While we still await a full diagnosis of my daughter’s social and behavioral issues, we understand that patience will be key to dealing with it, and it becomes obvious to myself that the gods knew that I would require the lessons in patience so that I would be better prepared to deal with my overly-active daughter. Would I have been as prepared without the lesson? Perhaps, but I also have enough faith and trust in the gods to know that they are far more knowledgeable than I am about these things, and if they thought I needed the extra boost, they were fully justified in giving it to me.

Not all lessons from the gods come this way, but many do. We’ve all known someone who lost a loved one and learned that heartbreak doesn’t last forever, or someone who lost a job and had to learn the valuable lesson that money isn’t everything. Perhaps it wasn’t a friend, but you, as the reader, who has had some kind of lesson given to you in the past that taught you something very valuable about yourself and the world you live in. Many times we do not recognize these teachings for what they are at the time, but only after reflecting on the events in ones past do we truly recognize the god’s teachings. We can call them life experiences or trials or whatever else we wish, but truly they are important lessons from our gods that we need to learn in order to reach our full potential and be truly happy.

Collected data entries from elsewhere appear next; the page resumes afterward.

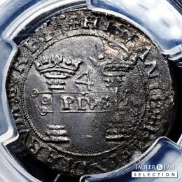 Felipe IV (1621-1665). 4 reales. 1628. Segovia. P. (Cal-1165). . Cuatro lises en el Antiguo de Borgoña. Preciosa pátina. Muy rara en esta conservación. Encapsulada por PCGS como AU 58. Solamente 1 ejemplar mejor conservado según el censo de PCGS. Ex Áureo Selección (06/03/1996), lote 311. Est...1000,00.
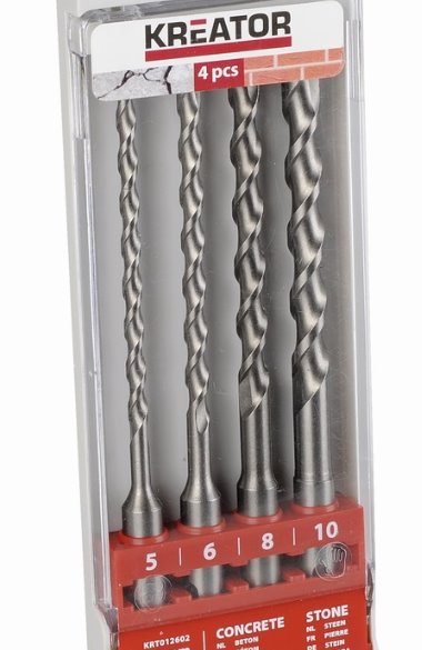 nachází 4 kusy SDS Plus vrtáků ve stříbrné barvě. Na výběr tak
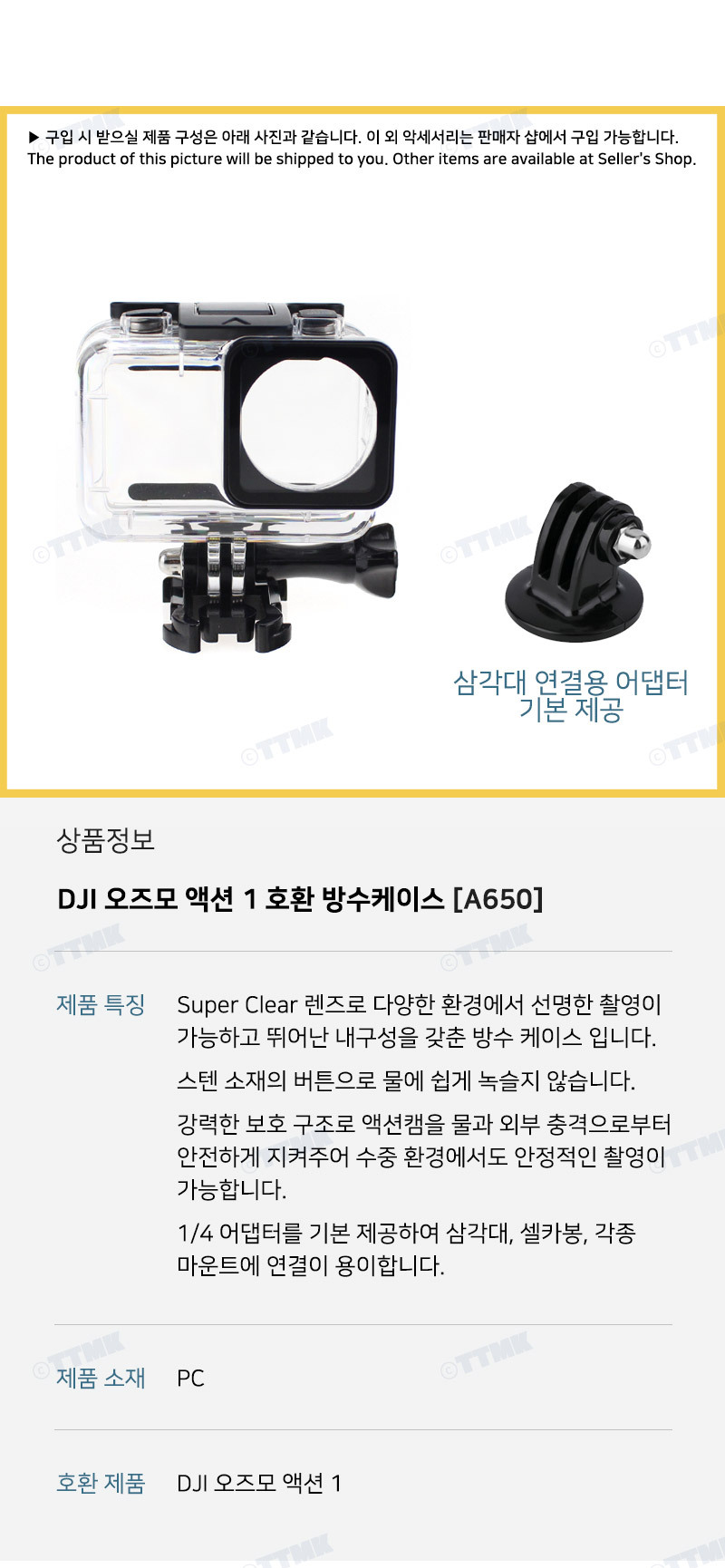 액션캠 오즈모 액션 1 호환 하우징 방수 케이스 방수팩

Some are harder lessons to learn than others, and if we don’t learn the first time, deity may find it necessary to teach the lesson again, or for longer than originally intended. What matters is that we learn from it, and grow spiritually and emotionally from the experiences given to us.

Like many Pagans today, I was drawn here by another personal experience meant to teach me a lesson: the death of a close loved one. My mother’s death rocked me, made me question what I hoped to get out of religion, and I finally understood that it wasn’t what I was currently getting. I spent years shopping around, joining the campus Christian coalition in an effort to find the kind of religious experience that I hoped and longed for, a personal connection to deity that was lacking, a sign that there truly was some divine being out there who had a personal interest in the pain I was going through. Much to my own surprise, my solace came when I sat beneath the trees of the amphitheater at the college I was attending, when I listened to the rush of the river nearby and listened to the birds chirping in the trees. It took losing my mother to find Paganism, a personal connection to the very real driving present in all of nature. Without that not-so-subtle push, I would probably have never seen the forest for the trees, would have blindly flailed through life with a spirituality that didn’t make sense to me and offered nothing back. Again, another painful lesson, but one I needed to learn to get to the point I am today, of truly feeling harmony with the world around me and the creatures in it.

The lessons that I have learned, while exclusive to me, are echoed around the world with other Pagans, with people of every religion, every day. They come in all shapes and sizes, these lessons, and have since the dawn of time. For every action, a reaction. It’s not just a law of physics anymore.

I truly hope that I have learned patience from this most recent experience, of having to have others do things for me that I could no longer do myself, of having to slow down and think about each step, to think about what I was doing and where I was going. My sincerest wish is to implement their teachings in my daily life, and to not get worked up over things I cannot change, to go with the flow and take things in stride, as they come.

Because I really hope they don’t decide to break the other foot if I haven’t.